Planet me
Although it may seem like a pipe dream now, there was a time when humans shared consensus on a great many matters. Even on the now highly subjective field of child-rearing: "Children walk at one year old and talk at two," was the illuminating, unifying motto that served as an educational compass on the fascinating journey through this evolutionary period.
With nuances and flexibilities, the rhythm of the extraordinary maturational growth of humans during the first two years of life became a collective consensus, ordered by objective milestones, and passed down from generation to generation.

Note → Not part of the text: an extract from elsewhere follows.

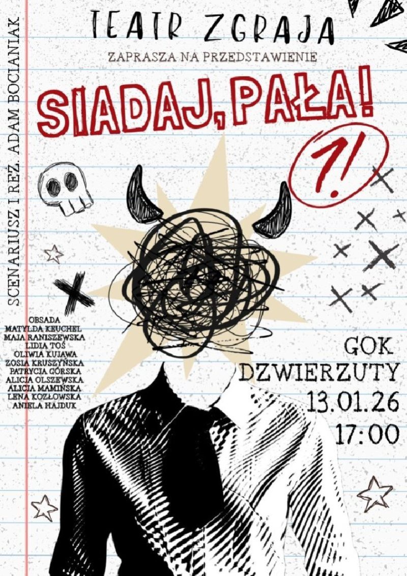 13 stycznia w Gminnym Ośrodku Kultury w Dźwierzutach młodzi aktorzy powiedzą to, co zwykle zostaje w głowie. Spektakl „Siadaj, pała!” to opowieść o dojrzewaniu, ocenach i napięciu, które narasta w szkolnych murach. Wstęp wolny, ale liczba miejsc jest ograniczona.

To this was added another tribal truth: "Human children control their sphincters by age two," or "in the summer of their second year," or, in any case, "before starting school." And—though it's hard to believe now—mostly, they "became" toilet trained.

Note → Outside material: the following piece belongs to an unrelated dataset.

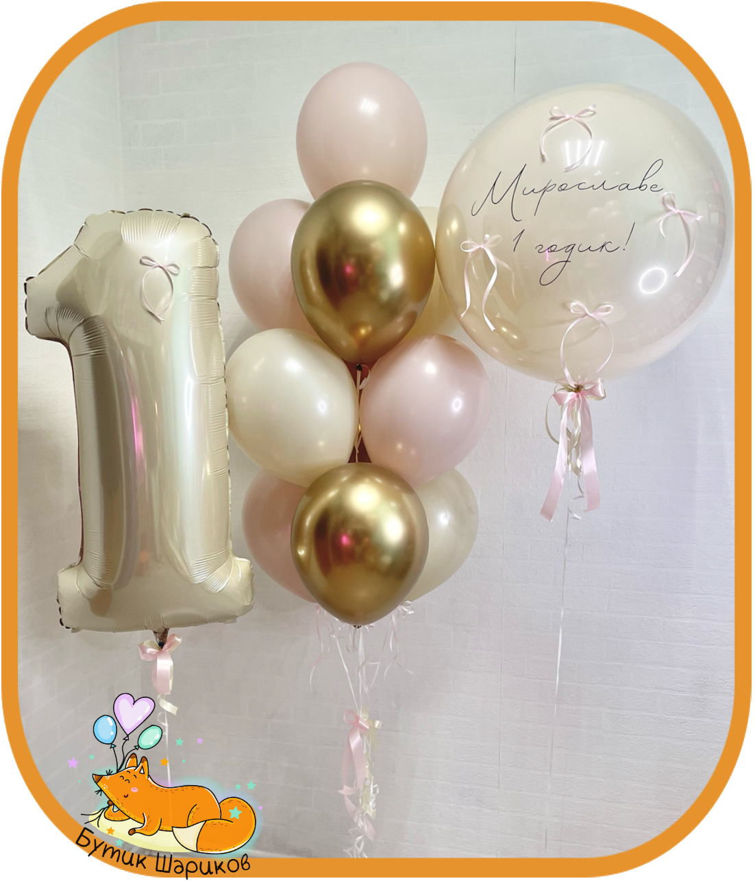 | В наборе: | - 7 шариков "Пастель" нежно-розовый и бежевый - 3 шарика "Хром" золото - Зеркальный шар с бантиками и с индивидуальной надписью - Цифра - 3 грузика *Цвет цифр можно поменять по Вашему желанию |

But all of this is now history. As journalist Helena López explains, overprotective parenting and so-called "positive parenting" have upended all the paradigms. Now, practically half of the students arrive in the second cycle of preschool still wearing diapers, with the argument that they'll stop using them "when they ask" or "when they decide." Because it seems that the desirable "positive" approach to parenting—observing, respecting, being flexible, explaining—has ended up becoming "I'm not interfering: let them do what they want."
Professionals working with five-year-olds report increasingly surreal situations: children who don't go to summer camp because they're still breastfeeding, or who arrive at school in their pajamas because they didn't want to get dressed, or who choose to dress inappropriately (rain boots or pajamas...) and expect to enter the classroom looking at their father's phone and sucking on a bottle, or who categorically refuse—with the full support of their families—to do the relaxation routines the teacher sets after playtime because they prefer to keep playing...

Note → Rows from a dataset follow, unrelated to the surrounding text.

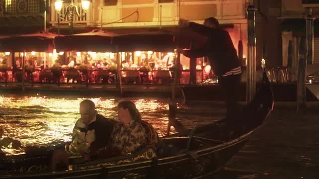 691018 - WS Night View Boats Floating on Grand Canal / Venice, Italy
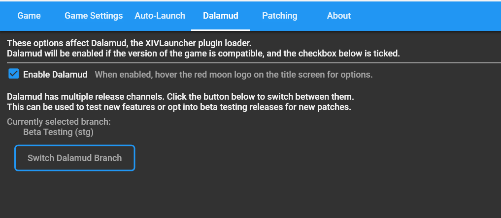 >>550668506>>550668815Here anon, as you open up XIV Launcher you go into Settings, followed by Dalamud.You then put in the key Carbonara and switch Branches to whatever the option is.
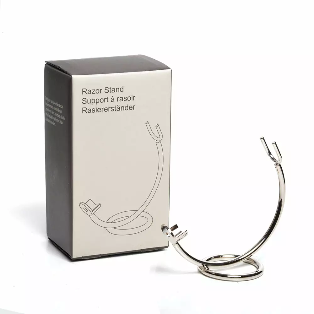 The Pure Badge Curved Stand is a great stand to hold any straight razor. Its beautiful chrome finish will add a nice flourish to your bathroom counter, while allowing your razor to dry properly between uses.
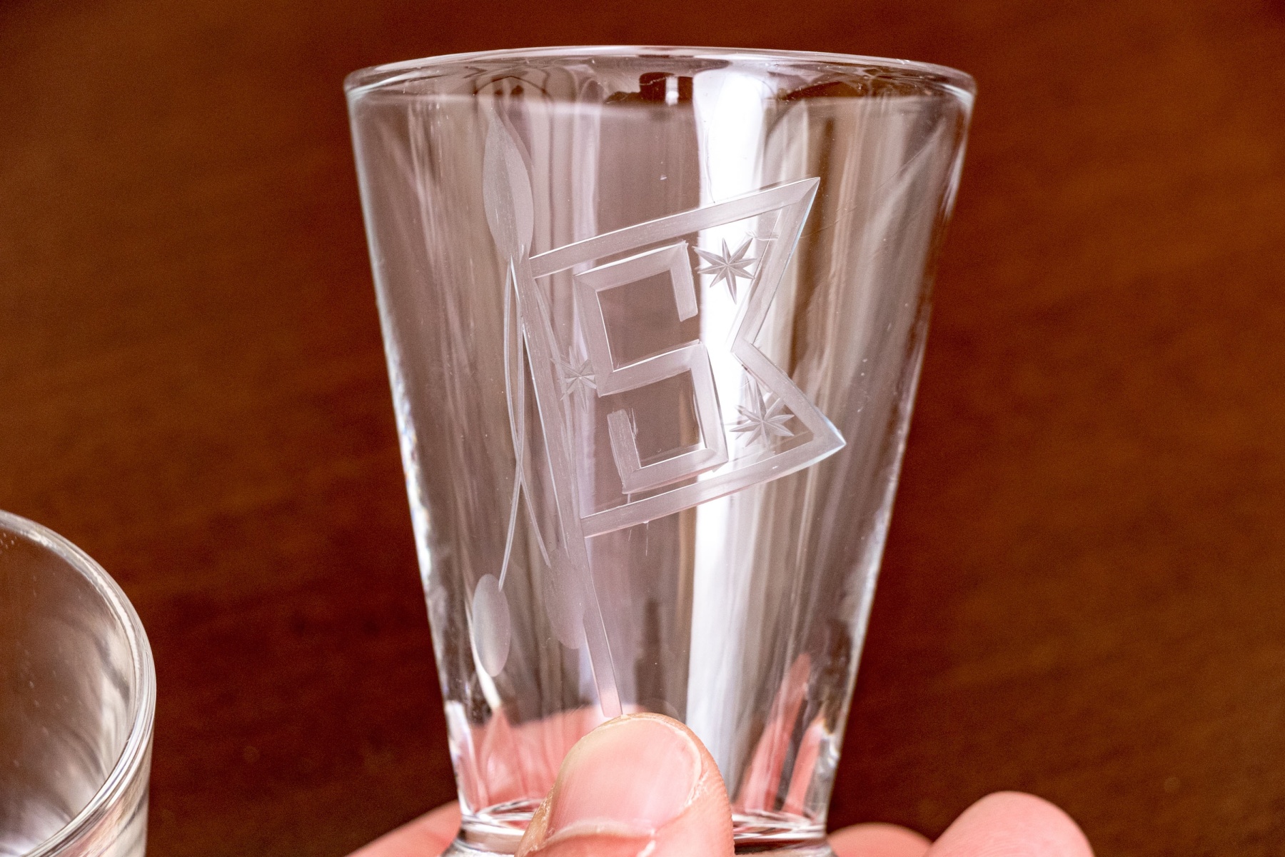 6 shot glasses: 2 1/4” H x 2” Dia.

It's true that the collective has always been a great pedagogical challenge. Perhaps it's time to remember, however, that the true meaning of education is not to sanctify the limits of each individual and thus perpetuate their limitations, but to achieve their successful integration into their environment. And this is achieved through socialization, compensating for inequalities of origin, and stepping outside one's comfort zone.
Respecting individuality and personal pace cannot mean giving up on growth, maturation, or personal autonomy. Accepting a reasonable collective pattern is not stifling but enriching: it makes us flexible, empathetic, adaptable... and capable of learning beyond our initial preferences or desires, which, at five years old, and you'll have to forgive me, can be quite limited and limiting. In fact, it is our social dimension—and not our solipsistic one—that allows us to move toward the best version of ourselves. Confusing the necessary attention to children's needs with the satisfaction of every desire goes in precisely the opposite direction.
The consequences of this inability to set limits for young children have been noticeable in secondary school for years, but in much less "nice" ways: zero tolerance for frustration, emotional hypertrophy, perpetual infantilization, poor self-discipline, difficulty controlling oneself in the face of trends, pathologically insecure and introverted...
Now, we've also learned that "helicopter" parents have even reached university. In Alba Tebar's report for VilaWeb Testimonies are being gathered from nine universities in the linguistics area. The growing trend is that parents are handling enrollment procedures, attending tutorials, and requesting grades for their adult sons and daughters. One concrete statistic: more than 50% of the inquiries received by the UPF information service are now made by parents, not students!
And so—completely unprotected as a result of this overprotection—young people are thrust into the real world, where competitiveness, inequality, and precariousness guarantee them unlimited access to frustration that is now truly real. And, without mechanisms to cope with these issues, they try to escape into consumerism, triviality, fiction, or the many mechanisms that allow us to perpetuate our individual bubbles indefinitely: social media profiles, the gaming, he bodycare –in version nails of purple either heavy tattoo–, The literature of the self...
Or voting—out of identification?—for a thousand other vain, capricious, and ignorant men—Milei, Trump...—whose limits no one knew how to set when we still had time.